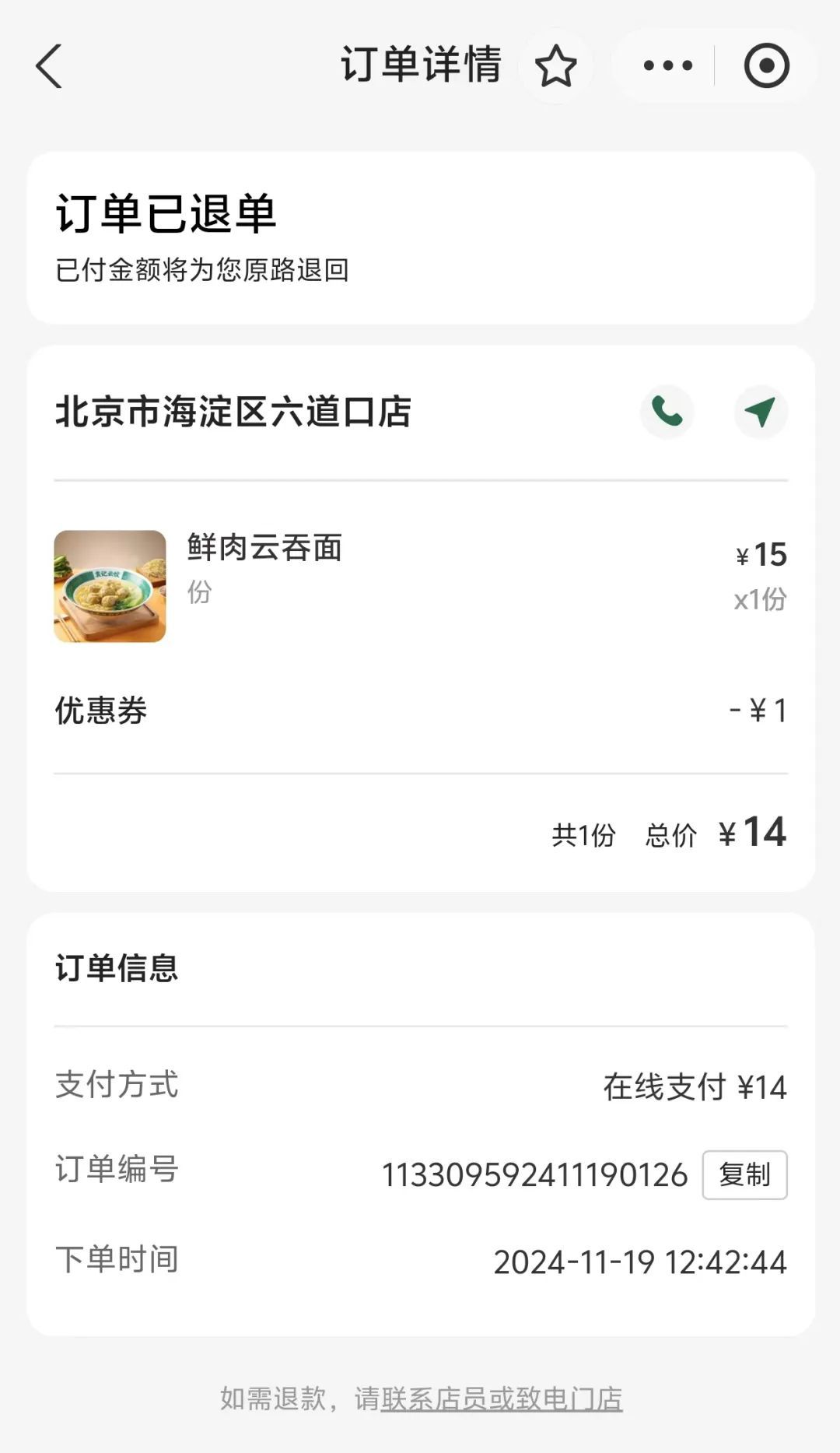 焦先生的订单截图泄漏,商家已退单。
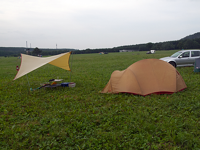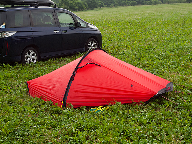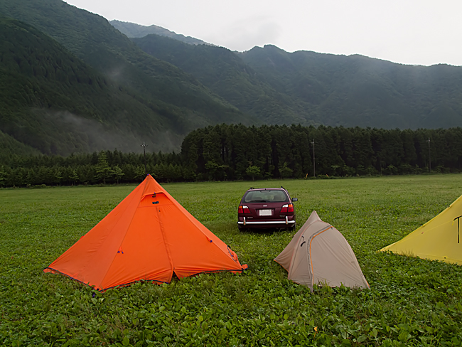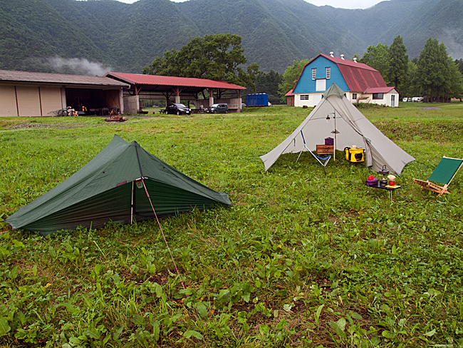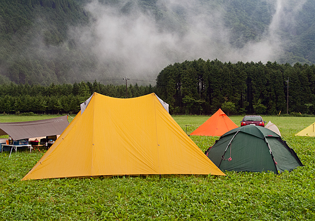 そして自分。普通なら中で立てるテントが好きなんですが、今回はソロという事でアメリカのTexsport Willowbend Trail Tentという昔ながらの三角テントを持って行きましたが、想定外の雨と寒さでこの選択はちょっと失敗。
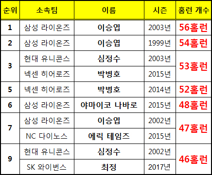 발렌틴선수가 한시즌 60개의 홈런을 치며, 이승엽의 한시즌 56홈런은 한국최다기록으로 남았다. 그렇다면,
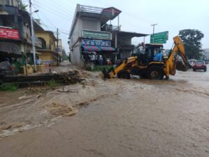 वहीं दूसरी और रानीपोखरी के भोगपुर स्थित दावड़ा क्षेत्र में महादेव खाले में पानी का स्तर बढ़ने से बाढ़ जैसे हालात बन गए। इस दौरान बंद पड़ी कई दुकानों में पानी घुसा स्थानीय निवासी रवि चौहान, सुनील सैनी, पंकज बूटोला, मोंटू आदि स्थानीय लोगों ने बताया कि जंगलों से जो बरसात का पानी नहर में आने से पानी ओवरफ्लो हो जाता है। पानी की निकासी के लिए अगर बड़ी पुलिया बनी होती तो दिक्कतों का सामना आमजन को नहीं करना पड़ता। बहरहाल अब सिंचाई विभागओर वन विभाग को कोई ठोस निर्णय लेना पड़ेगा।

########################################

- _What to do_
Pictures aside, repeat exactly every line from the top of the listing above through the line bearing "발렌틴선수가 한시즌 60개의", inclusive.

- _Task result_
 焦先生的订单截图泄漏,商家已退单。
 そして自分。普通なら中で立てるテントが好きなんですが、今回はソロという事でアメリカのTexsport Willowbend Trail Tentという昔ながらの三角テントを持って行きましたが、想定外の雨と寒さでこの選択はちょっと失敗。
 발렌틴선수가 한시즌 60개의 홈런을 치며, 이승엽의 한시즌 56홈런은 한국최다기록으로 남았다. 그렇다면,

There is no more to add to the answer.